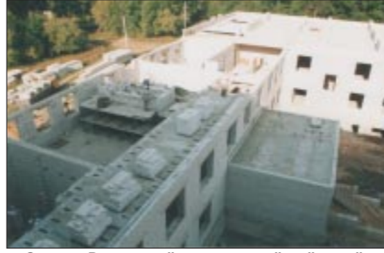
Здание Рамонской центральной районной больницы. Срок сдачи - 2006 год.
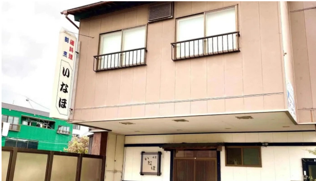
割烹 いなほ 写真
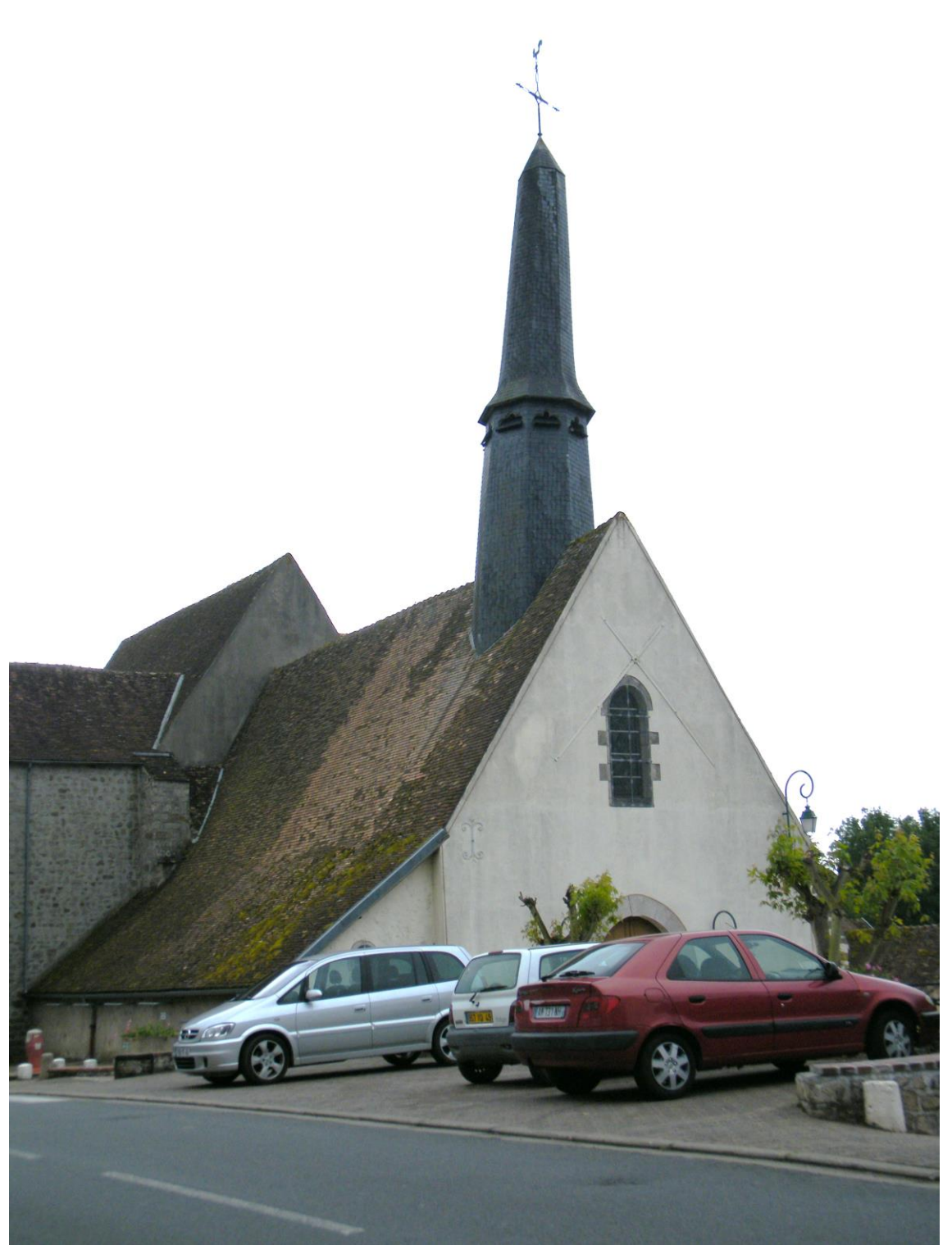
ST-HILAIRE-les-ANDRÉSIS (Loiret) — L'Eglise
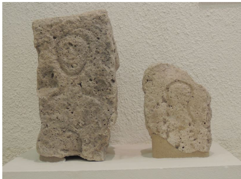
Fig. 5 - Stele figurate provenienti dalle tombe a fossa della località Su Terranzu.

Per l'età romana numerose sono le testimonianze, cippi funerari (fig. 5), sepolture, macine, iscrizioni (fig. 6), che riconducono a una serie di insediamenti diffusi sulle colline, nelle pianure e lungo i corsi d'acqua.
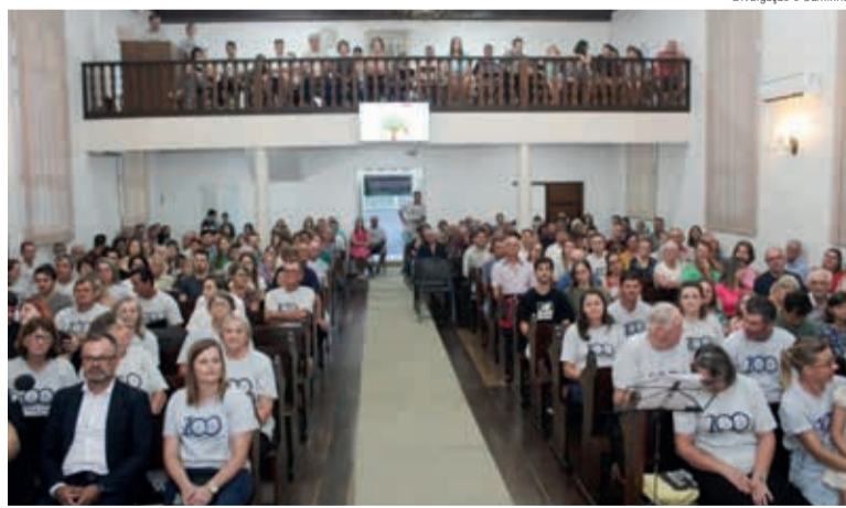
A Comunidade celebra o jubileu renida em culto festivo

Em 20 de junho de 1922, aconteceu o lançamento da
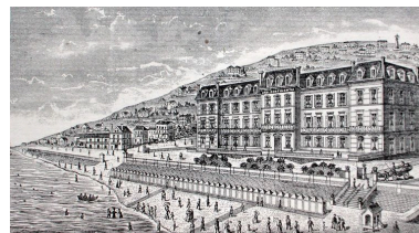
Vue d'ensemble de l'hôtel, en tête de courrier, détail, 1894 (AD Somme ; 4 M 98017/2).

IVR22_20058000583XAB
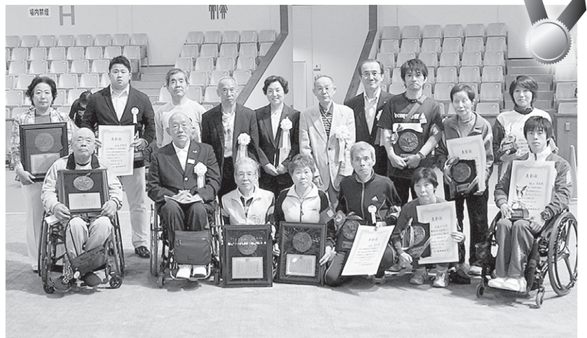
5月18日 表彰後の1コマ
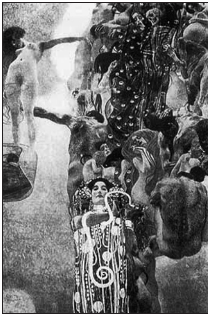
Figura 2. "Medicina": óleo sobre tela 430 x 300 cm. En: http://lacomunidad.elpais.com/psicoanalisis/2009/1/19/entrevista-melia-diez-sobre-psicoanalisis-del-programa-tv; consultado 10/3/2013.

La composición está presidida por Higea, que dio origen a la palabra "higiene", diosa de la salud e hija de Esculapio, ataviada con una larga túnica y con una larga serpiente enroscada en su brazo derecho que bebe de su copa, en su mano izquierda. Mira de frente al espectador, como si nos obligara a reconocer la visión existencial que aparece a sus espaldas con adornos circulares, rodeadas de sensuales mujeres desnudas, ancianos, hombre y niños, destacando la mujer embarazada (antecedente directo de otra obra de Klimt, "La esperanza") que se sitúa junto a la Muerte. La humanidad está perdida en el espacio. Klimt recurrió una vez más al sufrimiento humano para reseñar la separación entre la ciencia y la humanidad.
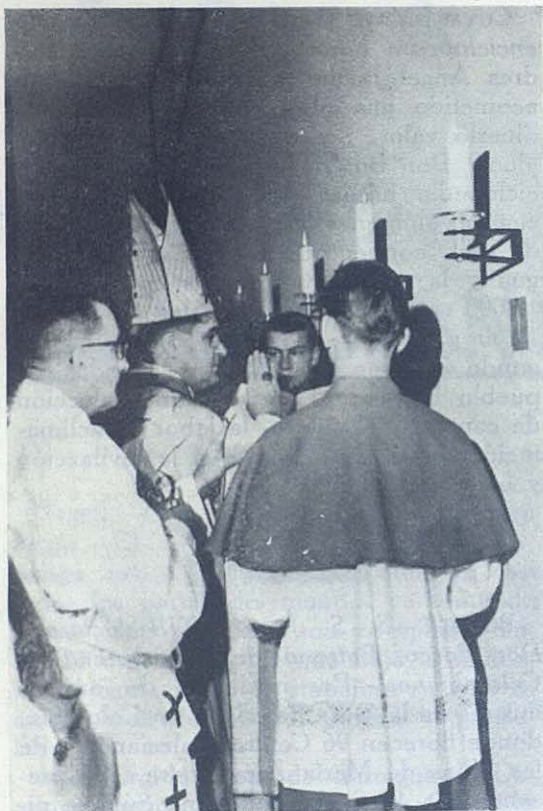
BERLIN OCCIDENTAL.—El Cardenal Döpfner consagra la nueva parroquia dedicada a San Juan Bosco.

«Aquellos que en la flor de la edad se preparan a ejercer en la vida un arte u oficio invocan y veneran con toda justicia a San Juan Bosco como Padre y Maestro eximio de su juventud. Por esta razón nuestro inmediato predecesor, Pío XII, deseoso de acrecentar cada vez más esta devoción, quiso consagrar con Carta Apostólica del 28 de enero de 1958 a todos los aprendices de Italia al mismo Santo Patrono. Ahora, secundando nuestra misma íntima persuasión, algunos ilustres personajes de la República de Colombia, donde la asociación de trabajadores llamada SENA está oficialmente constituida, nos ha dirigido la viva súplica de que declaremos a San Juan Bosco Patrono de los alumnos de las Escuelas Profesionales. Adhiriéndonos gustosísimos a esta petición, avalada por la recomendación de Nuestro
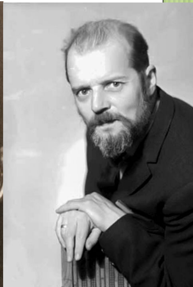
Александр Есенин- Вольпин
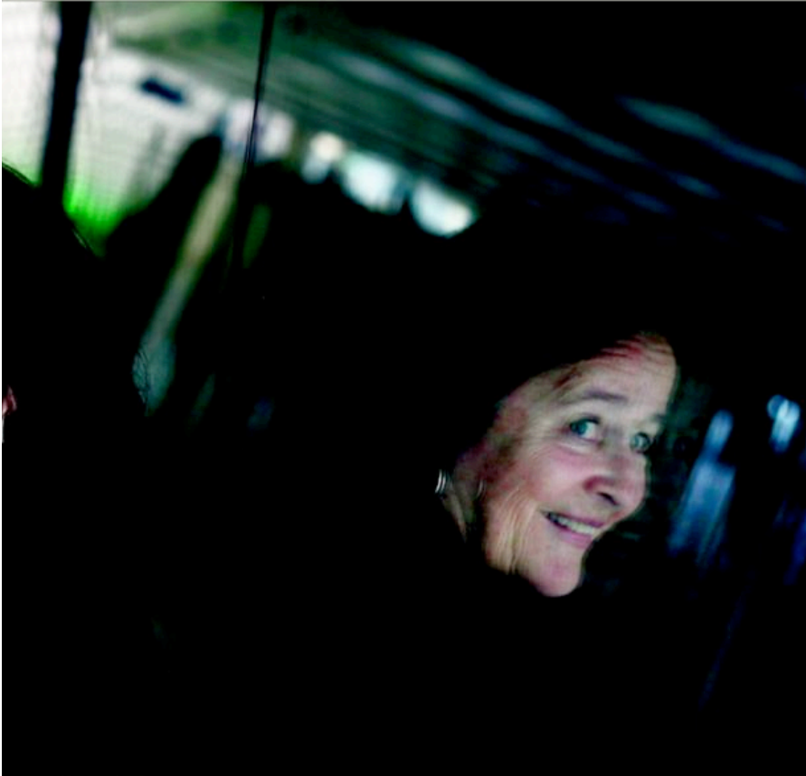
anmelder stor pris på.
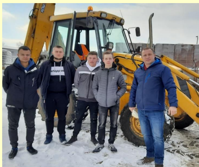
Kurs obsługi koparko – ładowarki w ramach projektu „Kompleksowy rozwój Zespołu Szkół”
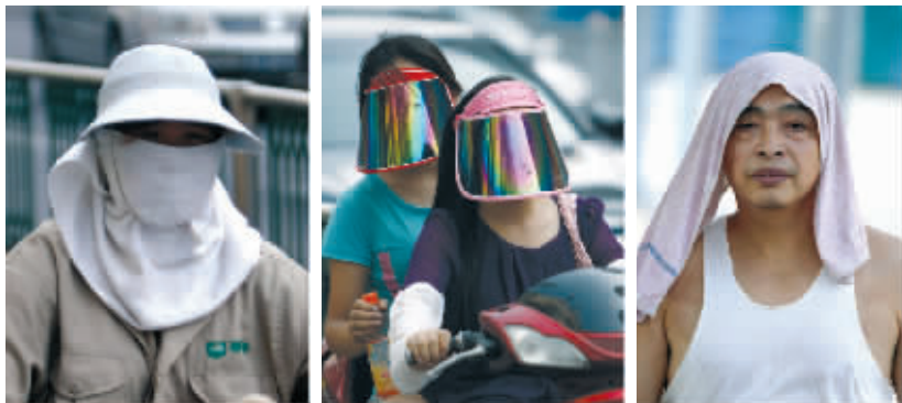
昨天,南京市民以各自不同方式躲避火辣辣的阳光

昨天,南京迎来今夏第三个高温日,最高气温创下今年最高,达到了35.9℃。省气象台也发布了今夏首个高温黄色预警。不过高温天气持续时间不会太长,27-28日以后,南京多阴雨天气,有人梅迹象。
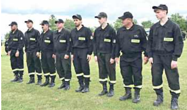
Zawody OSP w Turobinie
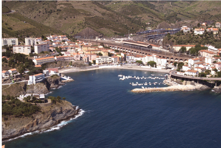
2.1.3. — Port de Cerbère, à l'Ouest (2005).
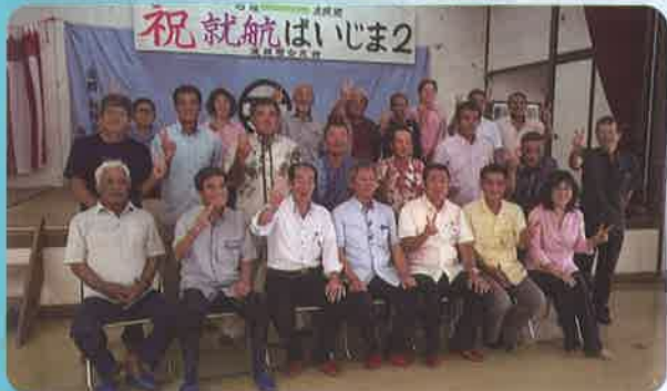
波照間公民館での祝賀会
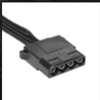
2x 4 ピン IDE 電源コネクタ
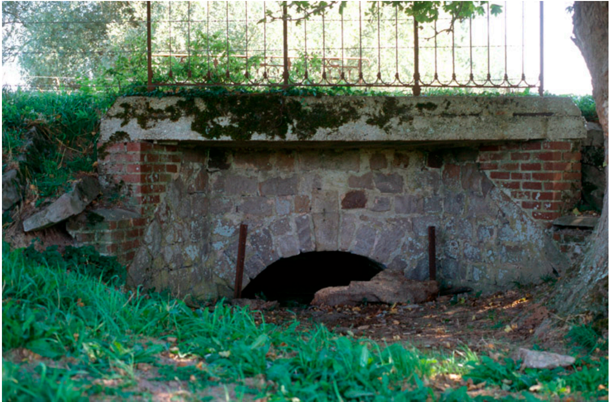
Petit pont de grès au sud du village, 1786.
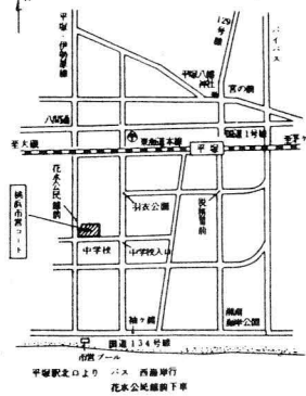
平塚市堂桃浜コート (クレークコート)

_Task to carry out_
Return all of the material precisely as written. No picture belongs in it.

_Answer to this problem_
Здание Рамонской центральной районной больницы. Срок сдачи - 2006 год.
割烹 いなほ 写真
ST-HILAIRE-les-ANDRÉSIS (Loiret) — L'Eglise
Fig. 5 - Stele figurate provenienti dalle tombe a fossa della località Su Terranzu.

Per l'età romana numerose sono le testimonianze, cippi funerari (fig. 5), sepolture, macine, iscrizioni (fig. 6), che riconducono a una serie di insediamenti diffusi sulle colline, nelle pianure e lungo i corsi d'acqua.
A Comunidade celebra o jubileu renida em culto festivo

Em 20 de junho de 1922, aconteceu o lançamento da
Vue d'ensemble de l'hôtel, en tête de courrier, détail, 1894 (AD Somme ; 4 M 98017/2).

IVR22_20058000583XAB
5月18日 表彰後の1コマ
Figura 2. "Medicina": óleo sobre tela 430 x 300 cm. En: http://lacomunidad.elpais.com/psicoanalisis/2009/1/19/entrevista-melia-diez-sobre-psicoanalisis-del-programa-tv; consultado 10/3/2013.

La composición está presidida por Higea, que dio origen a la palabra "higiene", diosa de la salud e hija de Esculapio, ataviada con una larga túnica y con una larga serpiente enroscada en su brazo derecho que bebe de su copa, en su mano izquierda. Mira de frente al espectador, como si nos obligara a reconocer la visión existencial que aparece a sus espaldas con adornos circulares, rodeadas de sensuales mujeres desnudas, ancianos, hombre y niños, destacando la mujer embarazada (antecedente directo de otra obra de Klimt, "La esperanza") que se sitúa junto a la Muerte. La humanidad está perdida en el espacio. Klimt recurrió una vez más al sufrimiento humano para reseñar la separación entre la ciencia y la humanidad.
BERLIN OCCIDENTAL.—El Cardenal Döpfner consagra la nueva parroquia dedicada a San Juan Bosco.

«Aquellos que en la flor de la edad se preparan a ejercer en la vida un arte u oficio invocan y veneran con toda justicia a San Juan Bosco como Padre y Maestro eximio de su juventud. Por esta razón nuestro inmediato predecesor, Pío XII, deseoso de acrecentar cada vez más esta devoción, quiso consagrar con Carta Apostólica del 28 de enero de 1958 a todos los aprendices de Italia al mismo Santo Patrono. Ahora, secundando nuestra misma íntima persuasión, algunos ilustres personajes de la República de Colombia, donde la asociación de trabajadores llamada SENA está oficialmente constituida, nos ha dirigido la viva súplica de que declaremos a San Juan Bosco Patrono de los alumnos de las Escuelas Profesionales. Adhiriéndonos gustosísimos a esta petición, avalada por la recomendación de Nuestro
Александр Есенин- Вольпин
anmelder stor pris på.
Kurs obsługi koparko – ładowarki w ramach projektu „Kompleksowy rozwój Zespołu Szkół”
昨天,南京市民以各自不同方式躲避火辣辣的阳光

昨天,南京迎来今夏第三个高温日,最高气温创下今年最高,达到了35.9℃。省气象台也发布了今夏首个高温黄色预警。不过高温天气持续时间不会太长,27-28日以后,南京多阴雨天气,有人梅迹象。
Zawody OSP w Turobinie
2.1.3. — Port de Cerbère, à l'Ouest (2005).
波照間公民館での祝賀会
2x 4 ピン IDE 電源コネクタ
Petit pont de grès au sud du village, 1786.
平塚市堂桃浜コート (クレークコート)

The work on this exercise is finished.